Dataset section section start

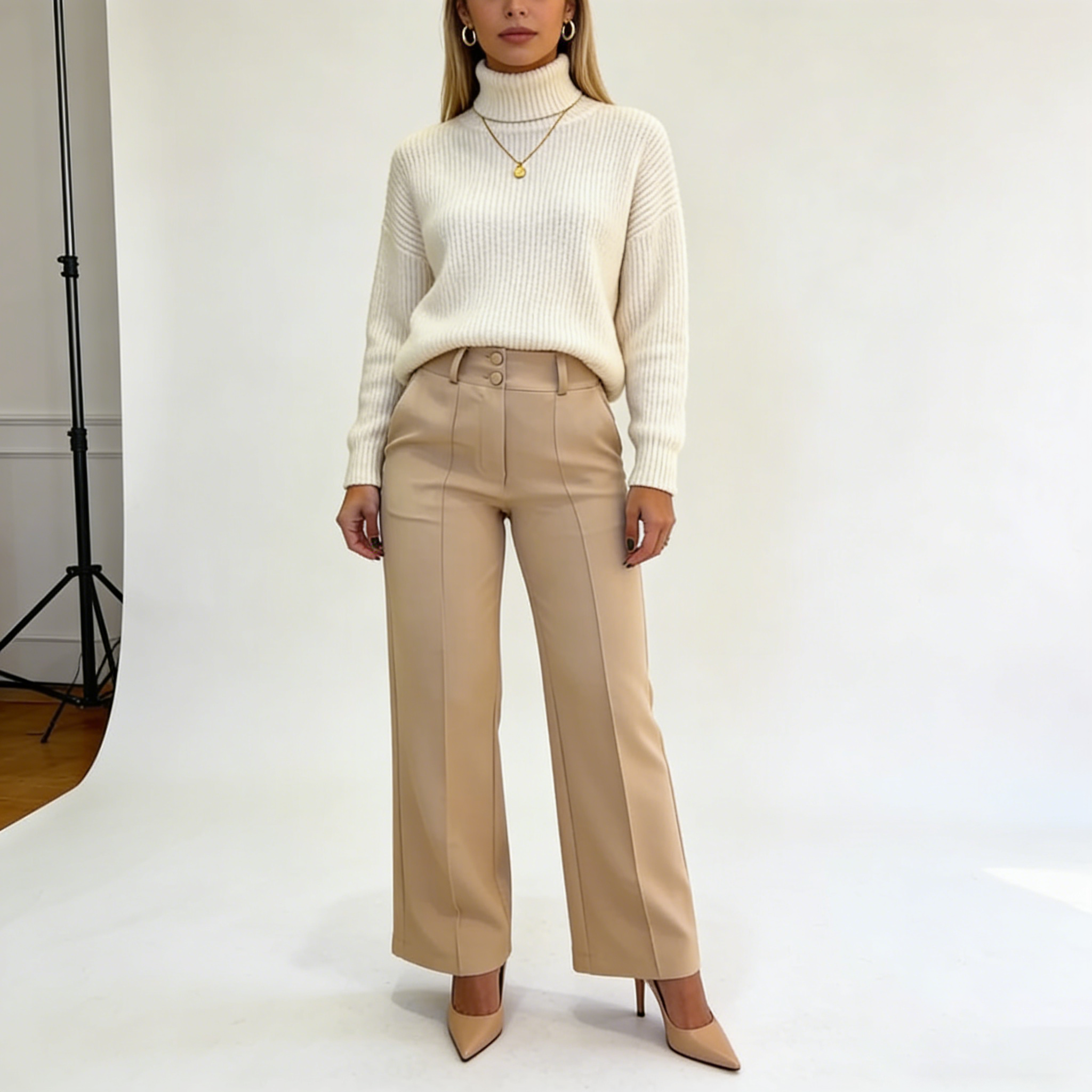 Explore the refined elegance of our latest 2026 vintage-inspired high-waisted wide-leg trousers!
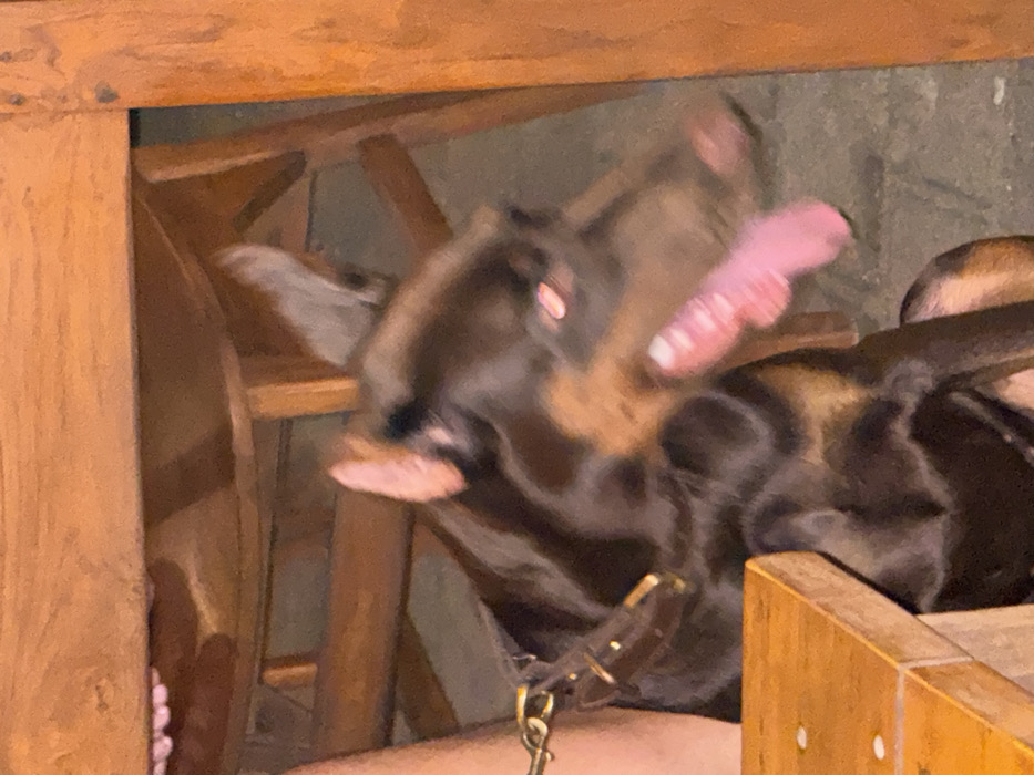 The image depicts a Doberman Pinscher dog in an indoor or sheltered outdoor setting within Canggu, Indonesia. The dog, dark brown with tan markings, is positioned beneath wooden furniture. Its cropped ears are erect, and its eyes exhibit a distinct red-eye effect. A pink tongue is visibly extended from its mouth, appearing blurred, indicating motion. A brown leather collar with a gold-colored snap hook from a leash is secured around its neck, adjacent to a light-skinned human leg visible on the left side of the frame. The dog is surrounded by various wooden elements, including the legs and crossbeams of chairs and a table, all displaying a warm, reddish-brown hue. A light-colored wooden table edge is visible in the lower left foreground. The background is dark and indistinct, revealing a dark floor surface. The scene is characterized by low ambient light, with the red-eye effect suggesting flash photography.
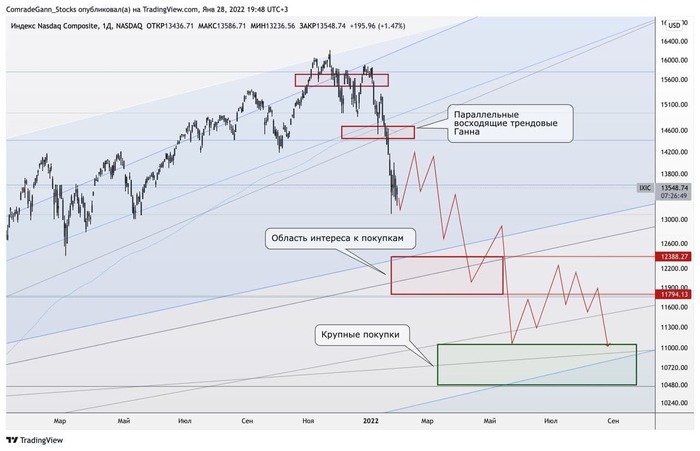 Техническая картина: После пробоя параллельных трендовых Ганна началось ускоренное падение. Считаю, что следующая остановка будет в диапазоне 12000-12300 пунктов, где также проходят трендовые.
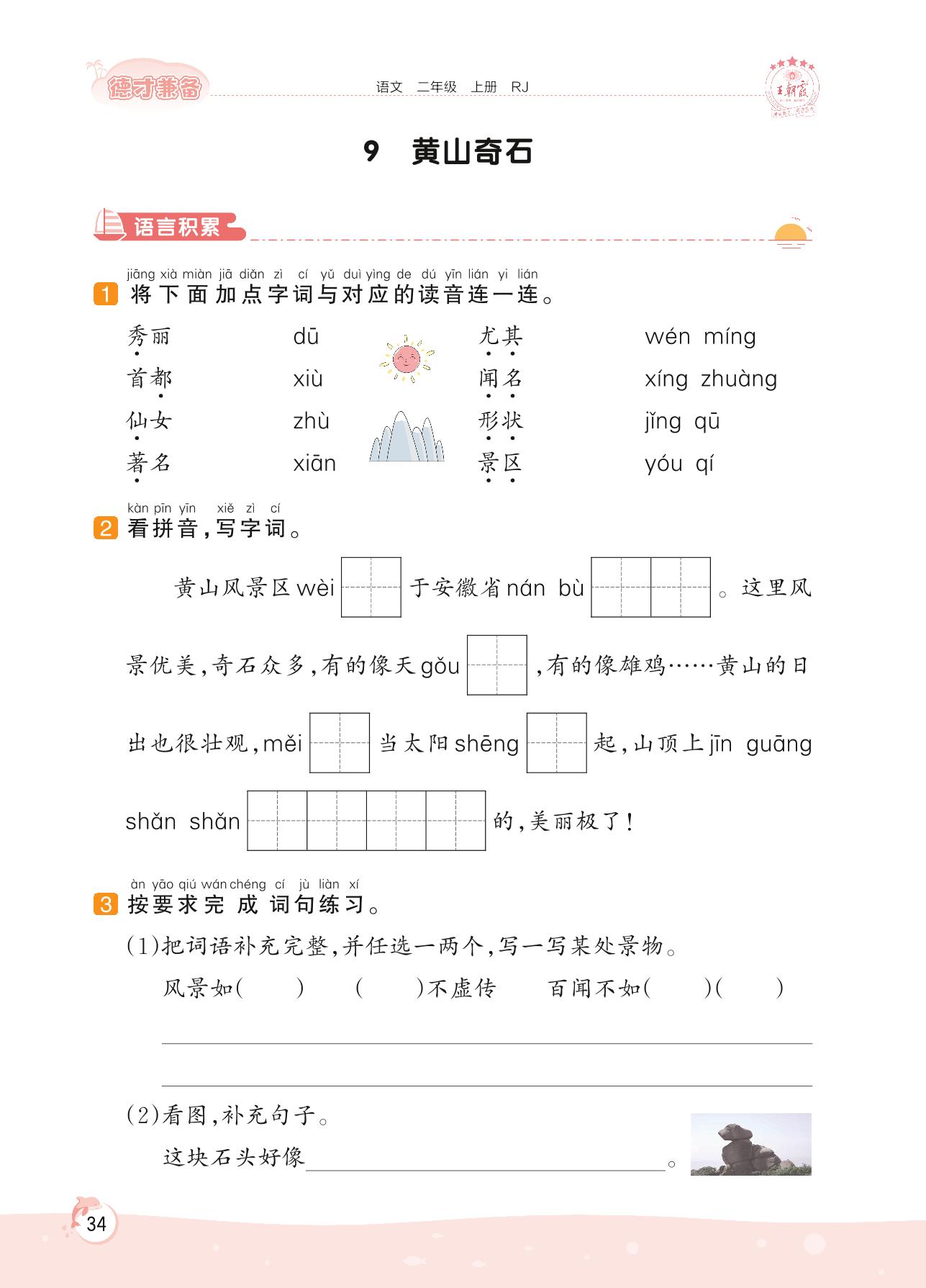 2022上册二年级语文人教版 第四单元 家乡——9 黄山奇石

Dataset section section end

What the task asks ▸ Beginning with the line where "The image depicts" appears, reproduce every remaining line of the listing above, the last one included, but none of the pictures.

Output for this task ▸
 The image depicts a Doberman Pinscher dog in an indoor or sheltered outdoor setting within Canggu, Indonesia. The dog, dark brown with tan markings, is positioned beneath wooden furniture. Its cropped ears are erect, and its eyes exhibit a distinct red-eye effect. A pink tongue is visibly extended from its mouth, appearing blurred, indicating motion. A brown leather collar with a gold-colored snap hook from a leash is secured around its neck, adjacent to a light-skinned human leg visible on the left side of the frame. The dog is surrounded by various wooden elements, including the legs and crossbeams of chairs and a table, all displaying a warm, reddish-brown hue. A light-colored wooden table edge is visible in the lower left foreground. The background is dark and indistinct, revealing a dark floor surface. The scene is characterized by low ambient light, with the red-eye effect suggesting flash photography.
 Техническая картина: После пробоя параллельных трендовых Ганна началось ускоренное падение. Считаю, что следующая остановка будет в диапазоне 12000-12300 пунктов, где также проходят трендовые.
 2022上册二年级语文人教版 第四单元 家乡——9 黄山奇石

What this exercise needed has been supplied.